Leaving out the pictures, output the lines from the one that contains "Náušnice bílé zlato" through the end of the material, exactly as they stand.

• _DATA EXCERPT_:
--- --- ---

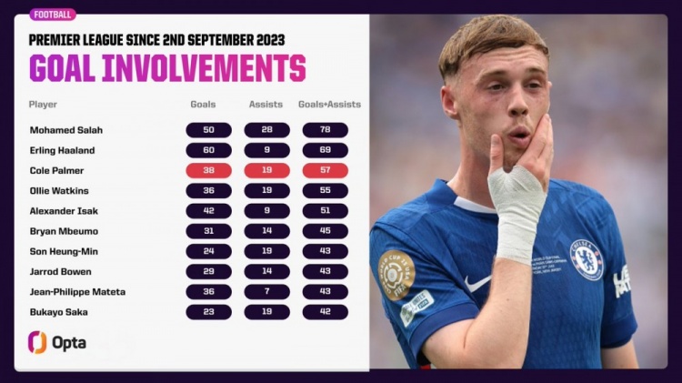 3. 科尔·帕尔默以38个进球和19次助攻,累计直接参与57个进球,意外成为切尔西进攻上不可或缺的一员。
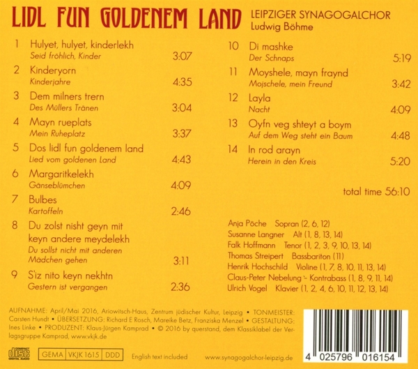 01. Langner, Susanne "Seid fr?hlich, Kinder (arr. von Fredo Jung)" 02. P?che, Anja "Kinderjahre (arr. von Juan Garcia)" 03. Hoffmann, Falk "Des Müllers Tr?nen (arr. von Walter Thomas Heyn)" 04. Leipziger Synagogalchor "Mein Ruheplatz (arr. von Ludwig B?hme)" 05. Leipziger Synagogalchor "Lied vom goldenen Land (arr. von Philip Lawson)" 06. P?che, Anja "G?nseblümchen (arr. von Friedbert Groß)" 07. Leipziger Synagogalchor "Kartoffeln (arr. von Walter Thomas Heyn)" 08. Langner, Susanne "Du sollst nicht mit anderen M?dchen gehen (arr. von Walter Thomas Heyn)" 09. Hoffmann, Falk "Gestern ist vergangen (arr. von Ludwig B?hme)" 10. Hoffmann, Falk "Der Schnaps (arr. von Reiko Füting)" 11. Streipert, Thomas "Mojschele, mein Freund (arr. von Juan Garcia)" 12. P?che, Anja "Nacht (arr. von Werner Sander)" 13. Langner, Susanne "Auf dem Weg steht ein Baum (arr. von Fredo Jung)" 14. Langner, Susanne "Herein in den Kreis (arr. von Matthias Becker)"
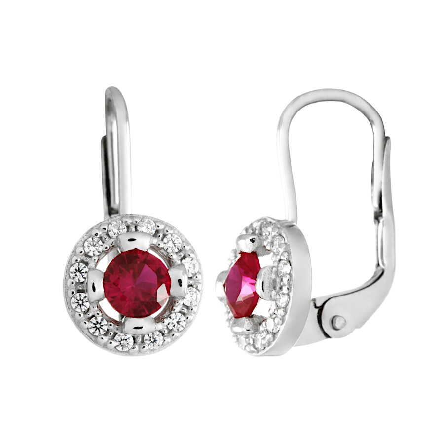 Náušnice bílé zlato Kolečko střed červený zirkon
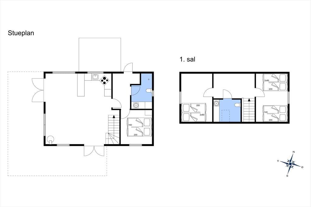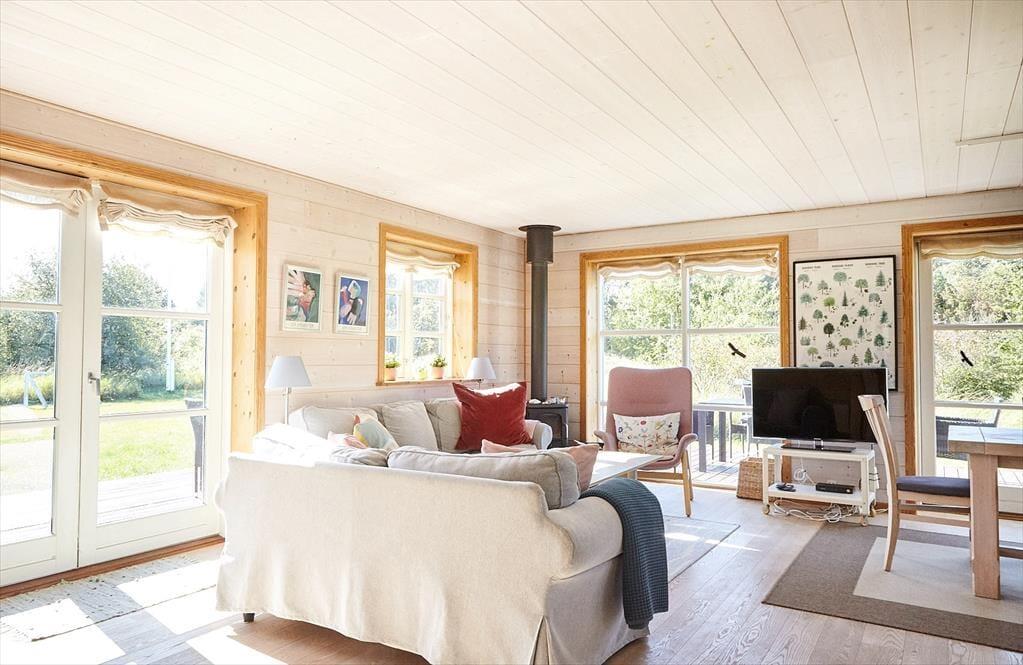 Det velindrettede og rummelige familie- og børnevenlige bjælkehus i to plan har plads til den store familie eller endog to familier. I kan endda fordele jer på stueplan og 1. salen, hvorfra I også kan se til havet fra balkonen. Det ene soveværelse ligger i stueplan, så hvis du har svært ved at gå på trapper, er det muligt at sove der. Fra den lyse stue kan du fra de store franske terrassedøre og de store vinduer følge med i det udendørs liv dagen igennem. Fra det åbne køkken kan du følge med i samtalen i stuen, mens du har stegen i ovnen eller bager pandekager til eftermiddagskaffen. På førstesalen med de to soveværelser er der også plads til, at børnene kan lege.

--- --- ---

• _ANSWER BELOW_:
 Náušnice bílé zlato Kolečko střed červený zirkon
 Det velindrettede og rummelige familie- og børnevenlige bjælkehus i to plan har plads til den store familie eller endog to familier. I kan endda fordele jer på stueplan og 1. salen, hvorfra I også kan se til havet fra balkonen. Det ene soveværelse ligger i stueplan, så hvis du har svært ved at gå på trapper, er det muligt at sove der. Fra den lyse stue kan du fra de store franske terrassedøre og de store vinduer følge med i det udendørs liv dagen igennem. Fra det åbne køkken kan du følge med i samtalen i stuen, mens du har stegen i ovnen eller bager pandekager til eftermiddagskaffen. På førstesalen med de to soveværelser er der også plads til, at børnene kan lege.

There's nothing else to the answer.